# TIGER: Transcriptional Inference using Gene Expression and Regulatory data
Chen Chen<sup>1</sup>

<sup>1</sup> Department of Epidemiology and Biostatistics, University of Arizona Mel and Enid Zuckerman College of Public Health, Tucson, AZ, USA

# Introduction
The goal of TIGER<sup>1</sup> is to estimate gene regulatory network and transcription factor 
activities using Bayesian matrix factorization.        
![](TIGER.png)

## Installation

TIGER relies on [cmdstanr](https://mc-stan.org/cmdstanr/) for Beyesian Inference. 
You can install the latest beta release of the cmdstanr R package with


``` R
install.packages("cmdstanr", repos = c("https://mc-stan.org/r-packages/", getOption("repos")))
```

Then, you can use cmdstanr to install [CmdStan](https://mc-stan.org/users/interfaces/cmdstan.html), the shell interface to [Stan](https://mc-stan.org/) with


```R
install_cmdstan()
```

These two steps are usually enough if your C++ toolchain is set up properly. For example, use RTools 4.0 toolchain which contains a g++ 8 compiler and mingw32-make on Windows platform. If you see problems with installation, you can go to cmdstanr [installation](https://mc-stan.org/cmdstanr/articles/cmdstanr.html) for more information.     

After cmdstan is correctly installed, you can install the development version of TIGER with:


``` R
devtools::install_github("cchen22/TIGER")
```

We also need to install DoRothEA R package from [Bioconductor](https://bioconductor.org/packages/release/data/experiment/html/dorothea.html)

```R
BiocManager::install("dorothea")
```

# Quick start

This is a simple example of TIGER on a small dataset.

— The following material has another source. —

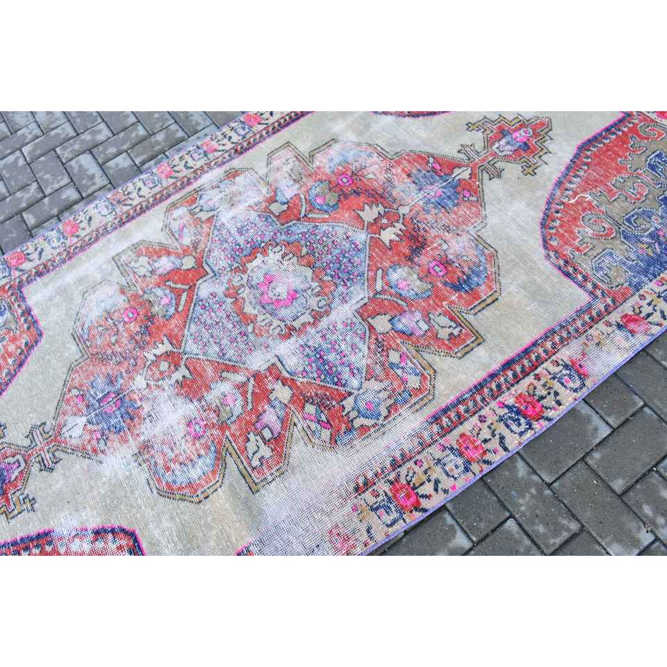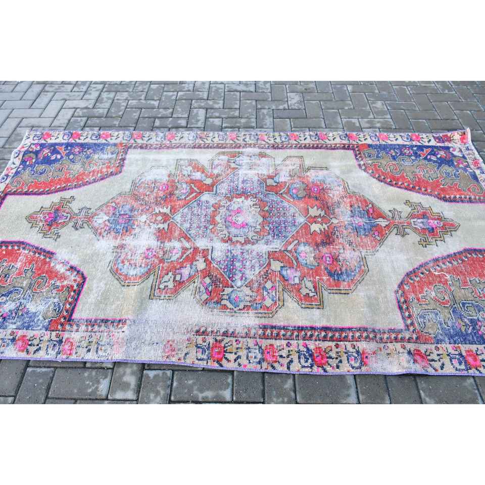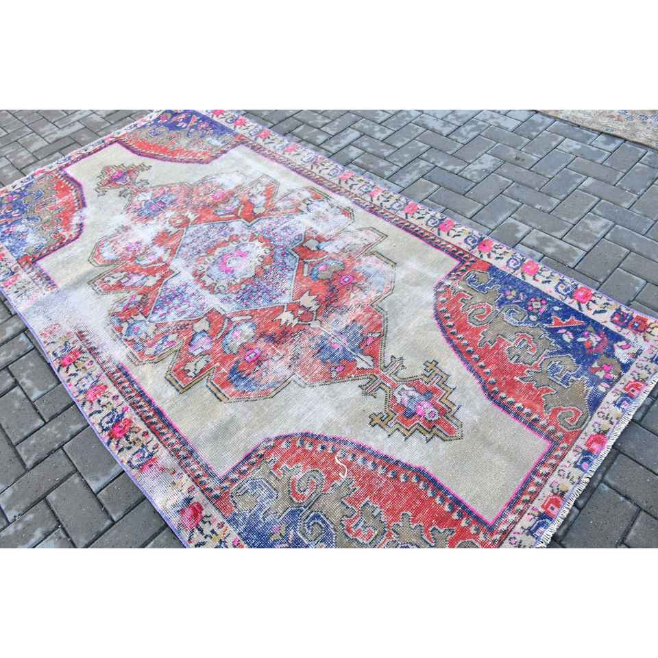Turkish Area Rug 4.4x8.2 ft, Red Blue Ombr Rug Wool

TIGER requires two inputs:      
1. a normalized expression matrix with rows as genes and column as samples;       
2. a prior network with rows as TFs and column as genes. The network is signed and binarized (e.g., -1,0,1).       


First, we load the library

In [None]:
library(TIGER)

then, we load the data

In [None]:
expr = TIGER::expr
prior = TIGER::prior

We can run TIGER with default parameters as follows

In [None]:
ss = TIGER(expr,prior)

We can print the TFA score in first three samples aas follows

In [None]:
tgres = ss$Z
tgres[,1:3]

# Wokring with DoRothEA prior
TIGER provides some convenient functions to work with DoRothEA<sup>2</sup> prior database. 

DoRothEA provides regulons for two species - human and mouse. For example, if we have a human cancer expression matrix and want to estimate the TFA in each cancer sample, then we can use the following code to prepare the prior network. First, we start by loading dorothea pancancer database:

In [None]:
df = dorothea::dorothea_hs_pancancer

Then convert it to TIGER prior format (e.g., adjacency matrix) 

In [None]:
prior = el2adj(df[,-2])

# References

1- Chen, Chen, and Megha Padi. "Joint inference of transcription factor activity and context-specific regulatory networks." bioRxiv (2022).

2- Garcia-Alonso, Luz, et al. "Benchmark and integration of resources for the estimation of human transcription factor activities." Genome research 29.8 (2019): 1363-1375.